好消息是,郁铃一进楼就看到了可以过夜的地方。
一楼右侧的角落,摆放着一个旧沙发,沙发积了层厚厚的灰,上头还堆着好些带钉子的破木板,显然是哪家不要了,一时半会儿又懒得处理的东西。
郁铃左右打量了一番,见四周没有任何人经过,便将自己的小包袱装进塑料袋中,藏在了一堆破木板下。
在将包袱藏起之前,她从里面拿出了那个洗净的薯片桶,此刻打开塑料盖子,再往不起眼的角落一放,便成了她今夜的小床。
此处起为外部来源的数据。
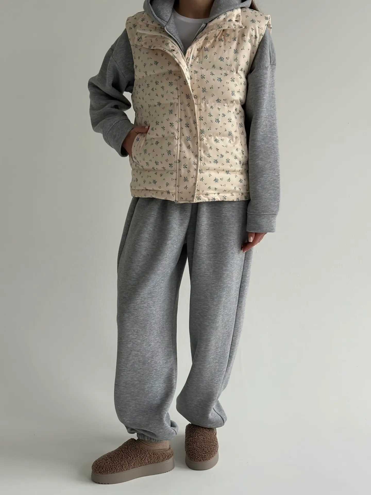 Стьобана дута жилетка в молочному кольорі виглядає ніжно та легко. М’яка, тепла й комфортна, вона приємно носиться та не обтяжує образ. Добре підходить для прохолодної погоди, коли хочеться тепла без зайвих шарів. Чудово доповнює повсякденні образи й додає їм затишку.

在确认自己的小床摆放得十分隐蔽后,郁铃分外安心地化作棉花钻了进去。
小小的棉花在薯片桶中打着转转调整了半天姿势,等到终于舒服了,这才向外伸出一片小小的叶子,将那薯片桶的盖子轻轻竖了起来,只留下一条小缝,用以呼吸。
这一觉,郁铃睡得并不安稳。
半梦半醒间,她听见了属于这个城市的嘈杂。
不断有脚步声自她身侧掠过,或平缓、或轻快、或急促。
有鸡蛋和馒头的香气,不知从何处飘来。
小巷中依稀传来了人类幼崽的叫声,什么快点,什么要迟到了……
当这栋楼房渐渐安静下来时,马路上汽车的鸣笛也就渐渐吵闹了起来。
这座城市醒了。
才睡了没多久的郁铃睁开了双眼。
她的眼前漆黑一片,那个为她挡风遮尘的薯片桶好是好,就是像个小棺材。
她缩在里头耐心听了好一会儿,在确定了外面没有什么动静后,连忙抓紧时间从薯片桶中钻了出来,摇身幻出人形。
郁铃张开双臂,伸了个大大的懒腰。
末了,她取出了昨晚压在木板下的包袱和薯片桶,用湿纸巾擦了擦不小心沾上的灰,转身走出了这栋楼房。